## Source material
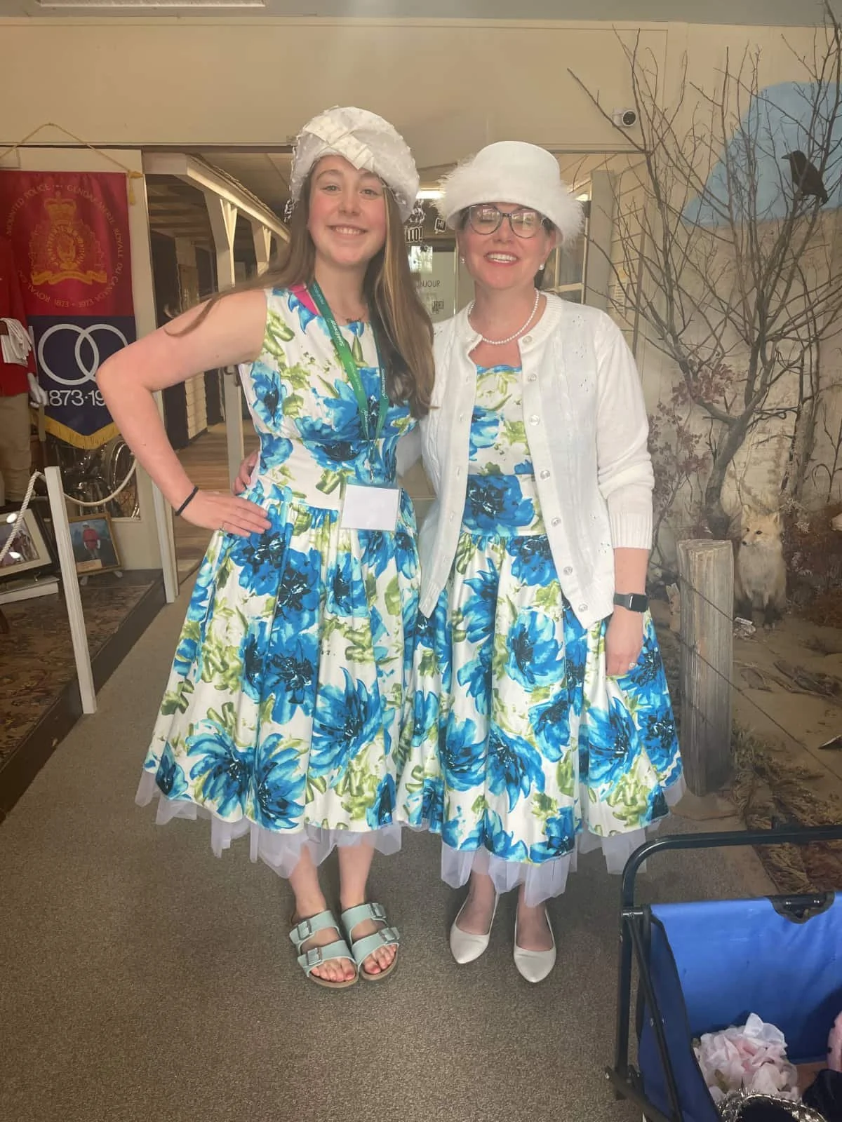 This mother-daughter duo wore matching dresses to the tea. PHOTO BY JOAN JANZEN
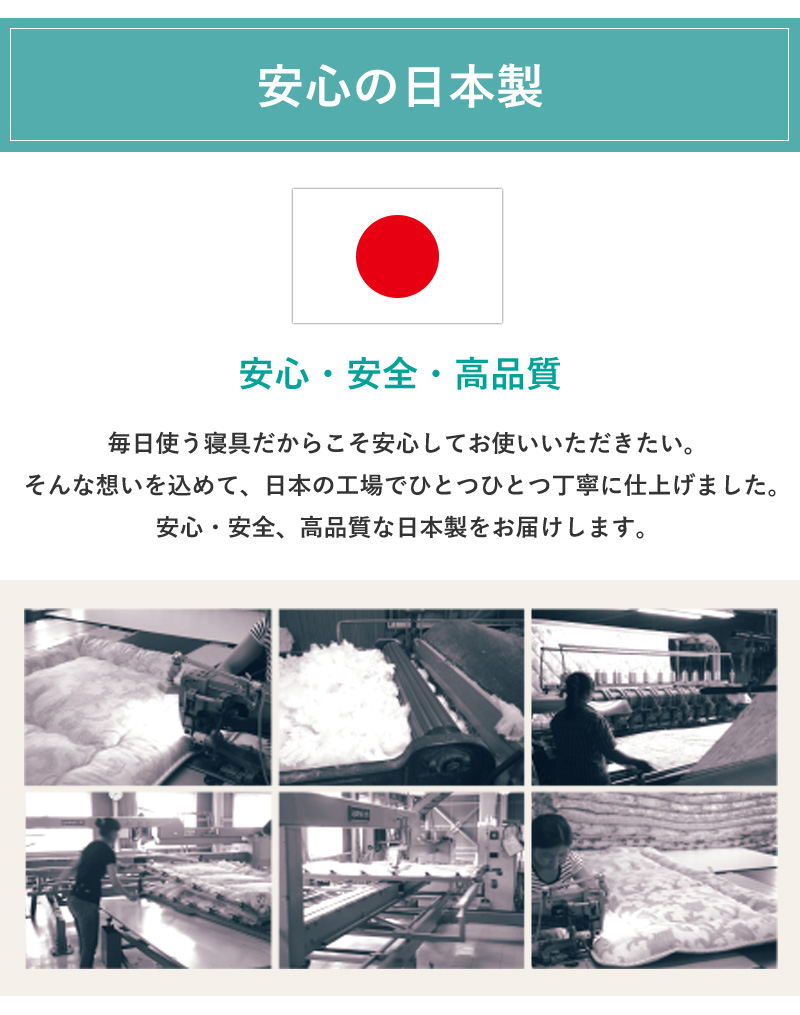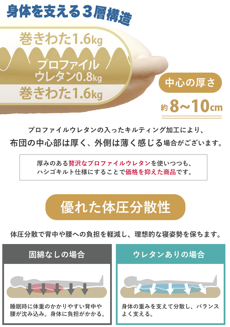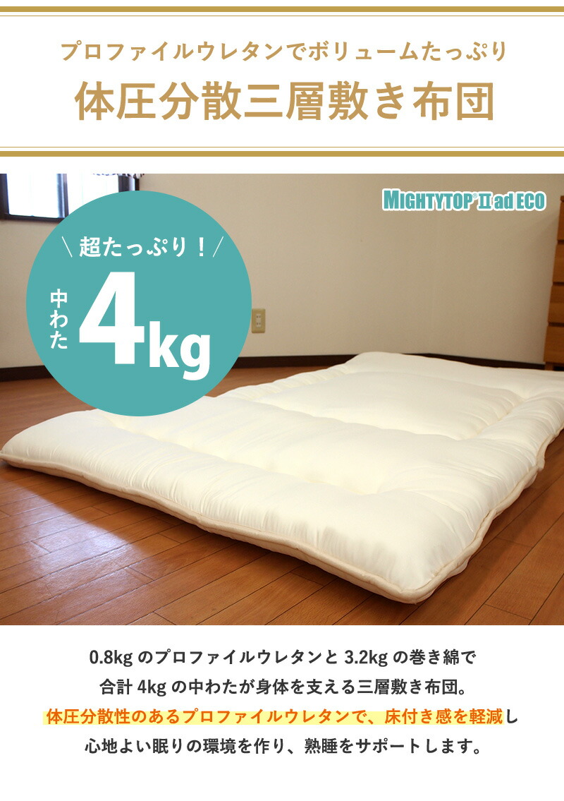 | 中わた重量 | 中芯0.8kg(プロファイルウレタン)、巻わた3.2kg(マイティトップ(C)2adECO) 敷き布団合計4.0kg |
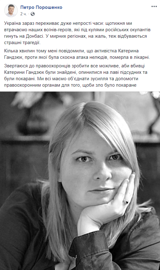 «Україна зараз переживає дуже непрості часи: щотижня ми втрачаємо наших воїнів-героїв, які під кулями російських окупантів гинуть на Донбасі. У мирних регіонах, на жаль, теж відбуваються страшні трагедії. Кілька хвилин тому мені повідомили, що активістка Катерина Гандзюк, проти якої була скоєна атака нелюдів, померла в лікарні. Звертаюся до правоохоронців зробити все можливе, аби вбивці Катерини Гандзюк були знайдені, опинилися на лаві підсудних та були покарані. Ми всі маємо об’єднати зусилля та допомогти правоохоронним органам для того, щоби зло було покаране», - написав у себе на Фейсбук Порошенко.
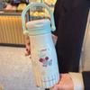 Tecknad Söt Barn Termosflaska 316 Rostfritt Stål Sugrör Vattenflaska Bärbar Dubbel Drickande Termisk Vattenkopp för Studenter
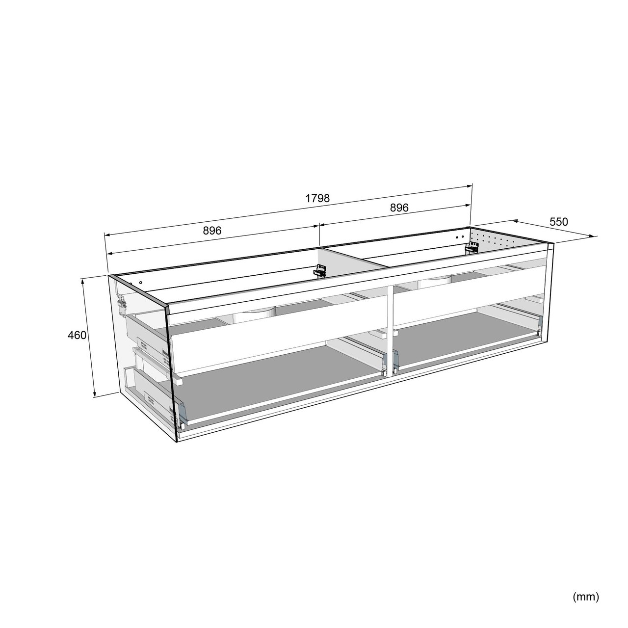 Ce meuble sous-vasque en MDF laqué de qualité supérieure avec deux tiroirs frontaux et deux tiroirs encastrés spacieux a une largeur de 180 cm, une hauteur de 46 cm et une profondeur de 55 cm. Ce meuble flottant en gris pierre convient à toutes les salles de bains grâce à sa finition élégante.
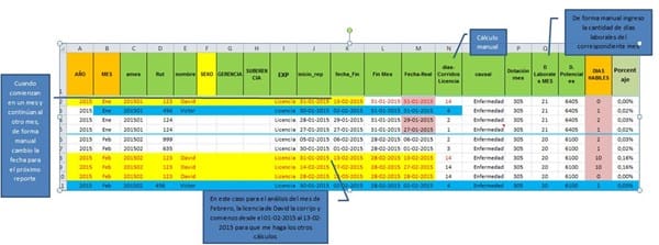 En una planilla voy registrando los datos mensuales de las personas con licencias. Dicha información se me entrega de un sistema con la fecha de inicio y término, independiente si pasa del mes anterior. Por lo mismo, para efecto de cálculo mensual requiero que en vez de ir revisando persona por persona si la fecha de término pasa al otro mes, se haga el corte automático de acuerdo a la fecha y me calcule los días que corresponden para dicho mes y dejar los días restantes para el análisis del próximo mes.
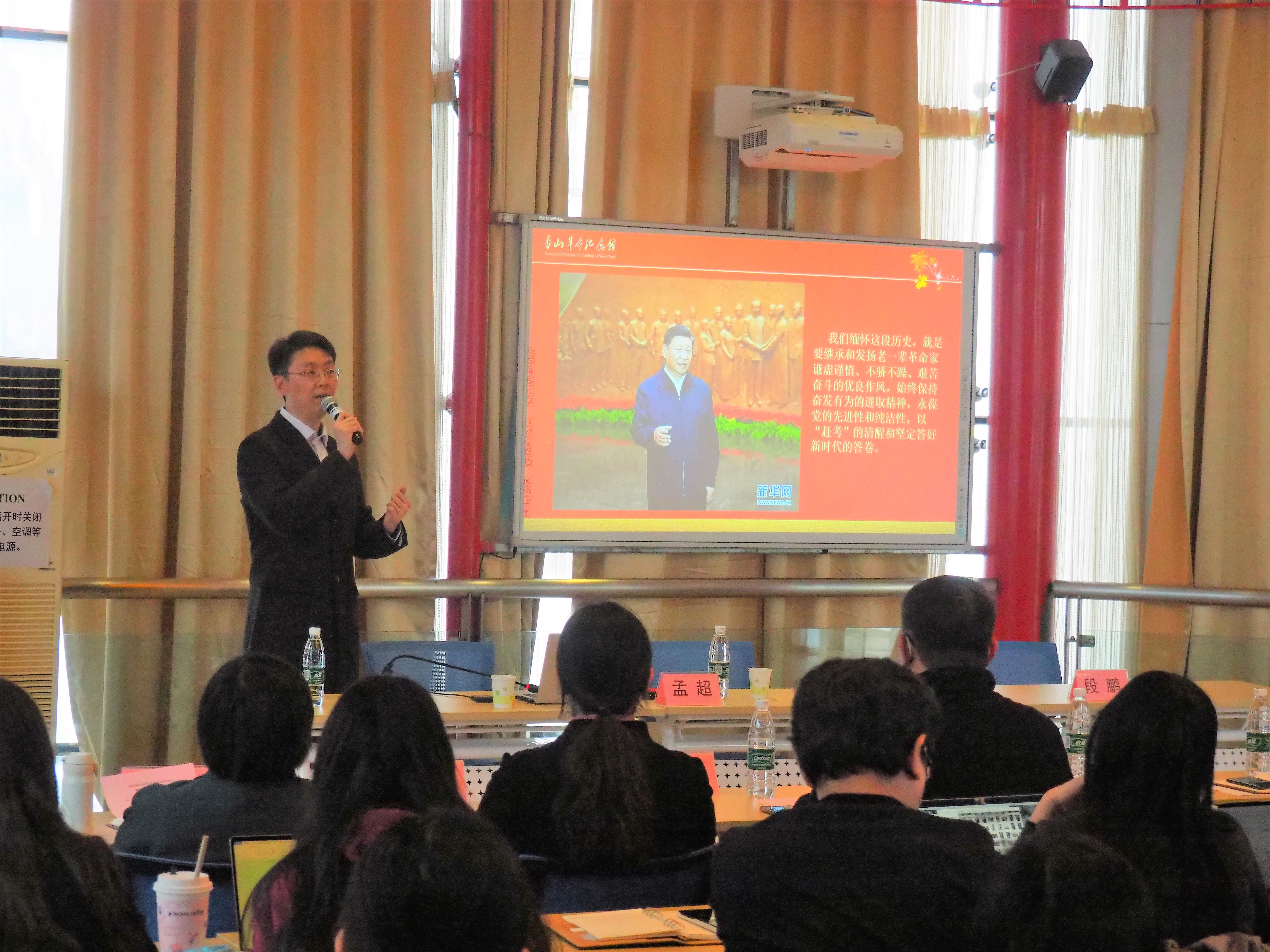 段鹏副校长在致辞中指出,中共中央进驻香山后指挥了举世闻名的渡江战役,吹响了解放全中国的进军号角;毛泽东同志发表了《论人民民主专政》,为新中国奠定治理体系与政策基础。段鹏副校长强调,北京香山被誉为中国共产党人进京“赶考”的首站,回顾这段历史,有助于我们思考“中国共产党为什么能”“中国特色社会主义为什么好”等核心命题。国传和海南两院组织的首场党史学习教育讲座,以中共中央在香山为主题,高度契合党史学习教育的目标要求,可谓“正当其时”。段鹏副校长希望两个学院能够深刻理解廖祥忠书记在我校“党史学习教育动员大会”上提出的目标要求,认真思考如何“充分依托学科特色、资源、平台,精心设计‘自选动作’,打造学校精品、一院一品、支部多品”,希望两院师生能在学习党史的过程中以信仰之光照亮前行之路,为开创国际办学新局面,实现我校“中国特色世界一流传媒大学”奋斗目标贡献智慧和价值。
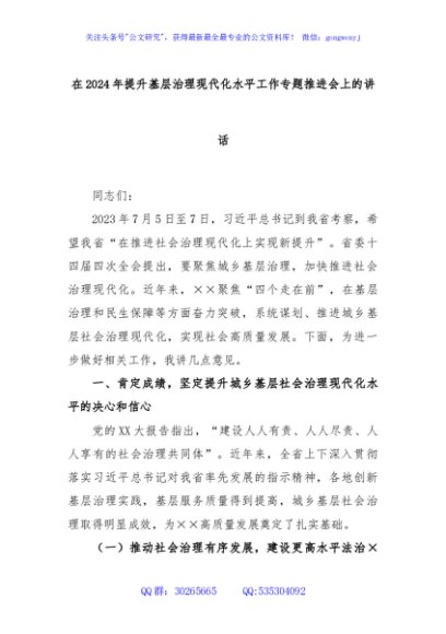 / 在2024年提升基层治理现代化水平工作专题推进会上的讲话
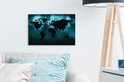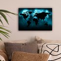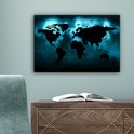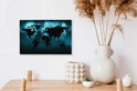 Carte du monde noire sur fond sombre aux couleurs bleues 30x20 cm
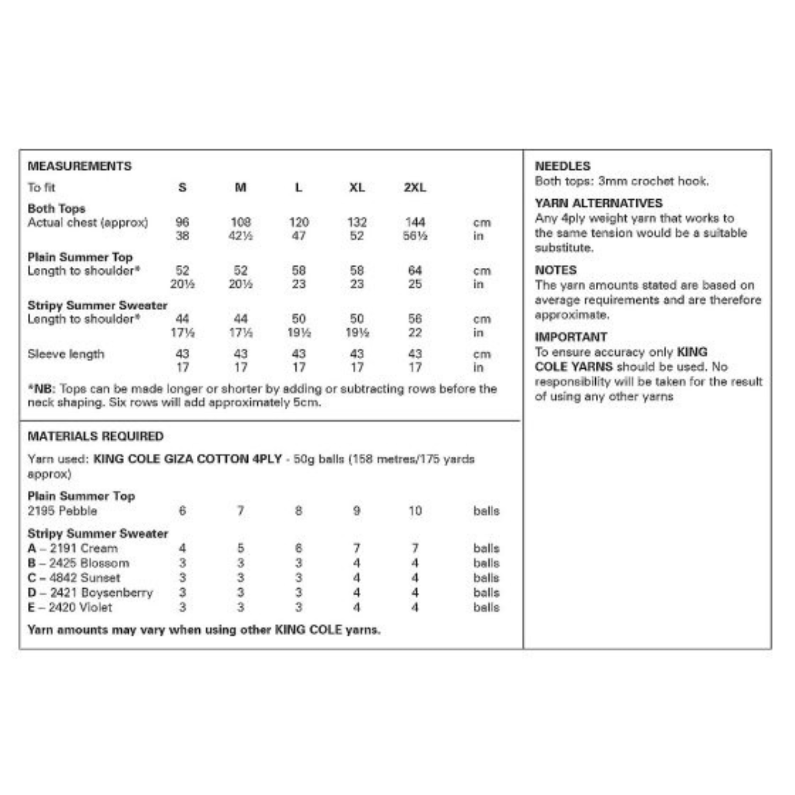 - Please see second image for suggested yarns, needle sizes and quantities required to make the garments
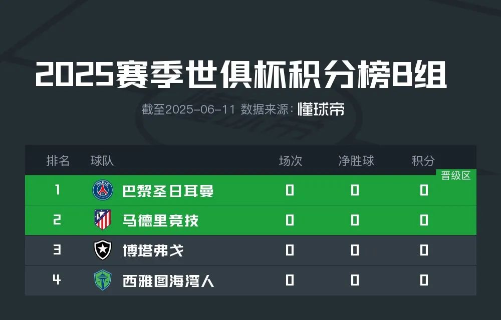 巴黎圣日耳曼作为本赛季欧冠冠军,整体实力明显占优。马竞虽以防守见长,但阵容老化问题明显。南美解放者杯冠军博塔弗戈将带来南美独特的进攻风格,而西雅图海湾人作为北美球队,拥有主场优势,但实力与欧洲和南美豪门仍有差距。
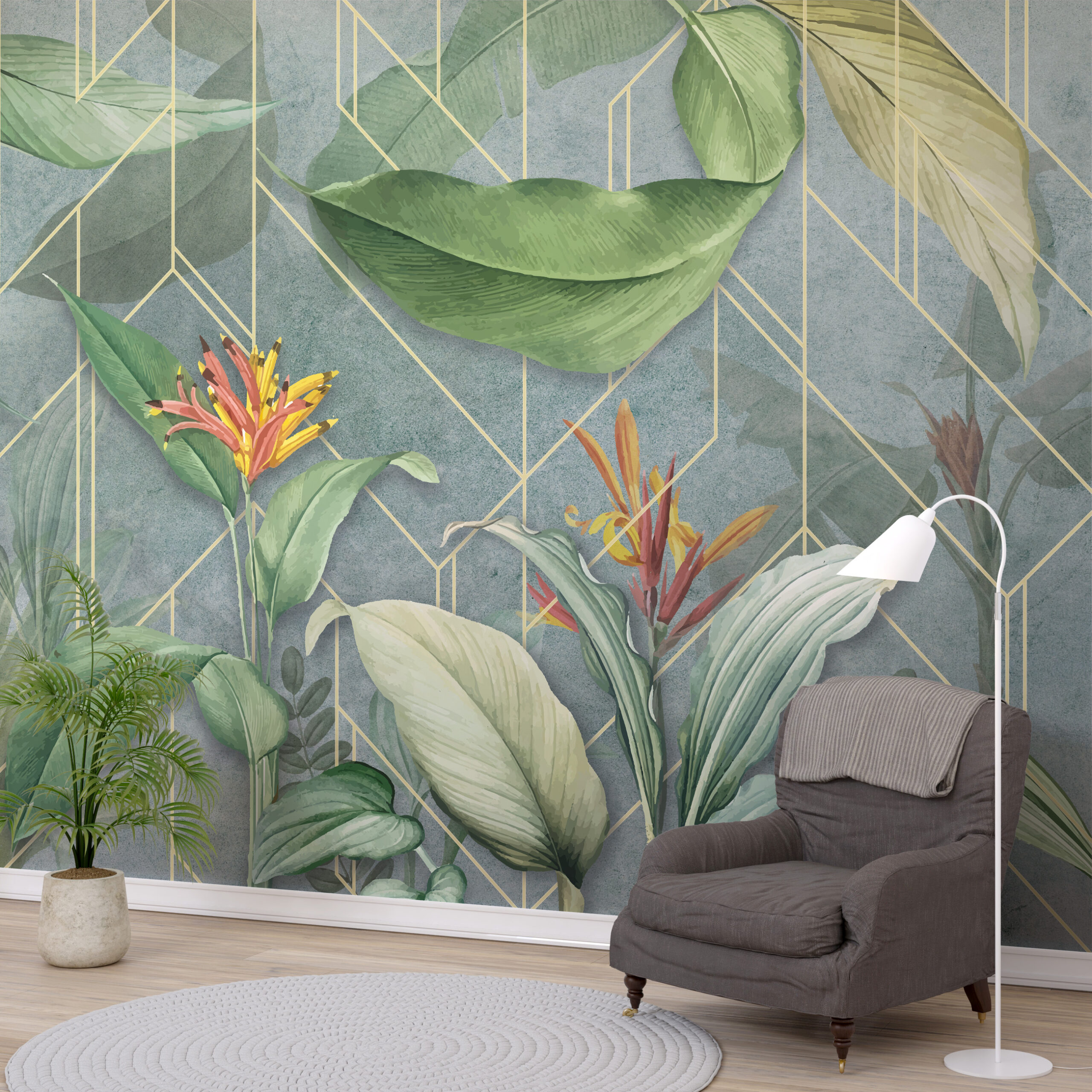 - BADRUM, Fototapet, KONTORET, MURAL, NATUR, Rum, SOVRUM, TROPISKA LÖV, VARDAGSRUM
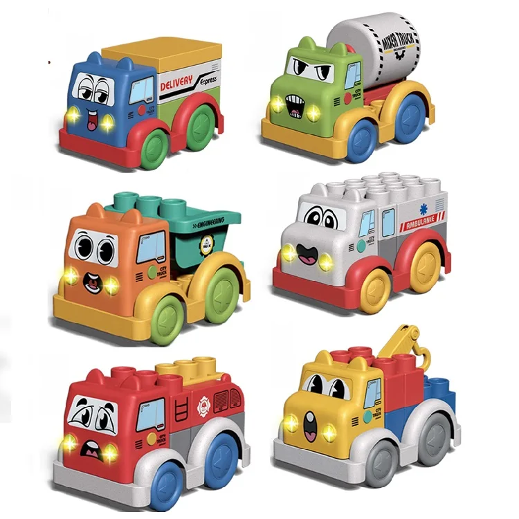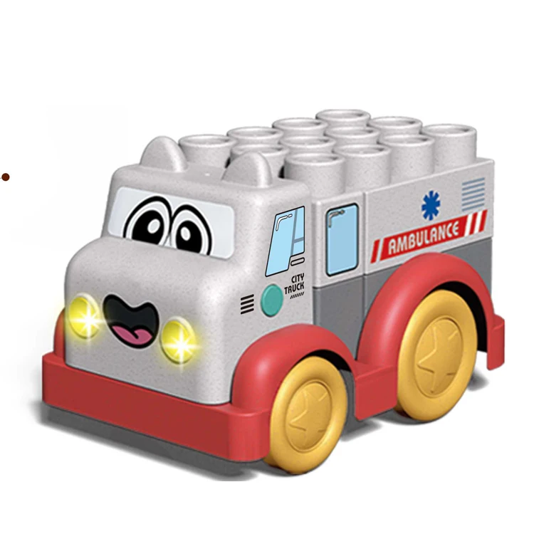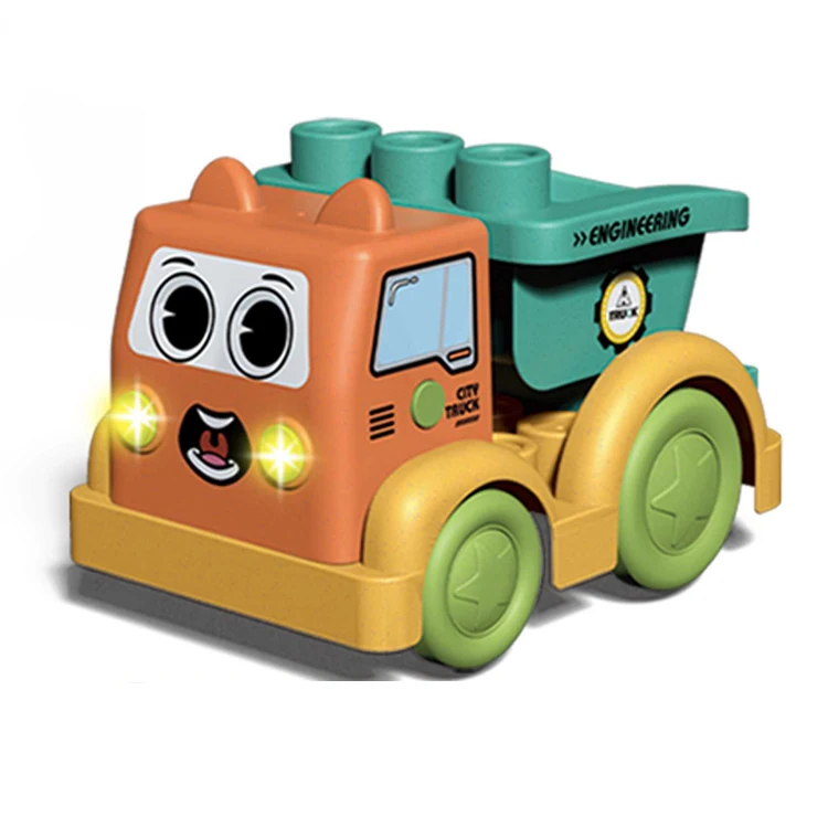 Non Toxic Wheat Straw Material Block Truck Music and Light Plastic Toy Car Truck
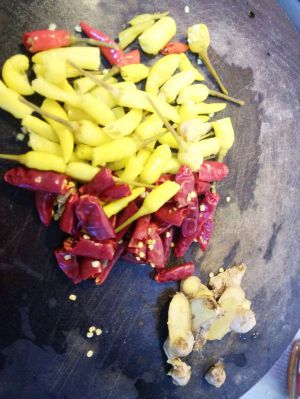 准备配料,根据自己的口味,生姜,干辣椒,泡椒,大蒜适量

## Task prompt
The stretch above running from the line with "Tecknad Söt Barn" through the line with "Ce meuble sous-vasque" is all you should copy, exactly, leaving out the pictures.

## Solved exercise
 Tecknad Söt Barn Termosflaska 316 Rostfritt Stål Sugrör Vattenflaska Bärbar Dubbel Drickande Termisk Vattenkopp för Studenter
 Ce meuble sous-vasque en MDF laqué de qualité supérieure avec deux tiroirs frontaux et deux tiroirs encastrés spacieux a une largeur de 180 cm, une hauteur de 46 cm et une profondeur de 55 cm. Ce meuble flottant en gris pierre convient à toutes les salles de bains grâce à sa finition élégante.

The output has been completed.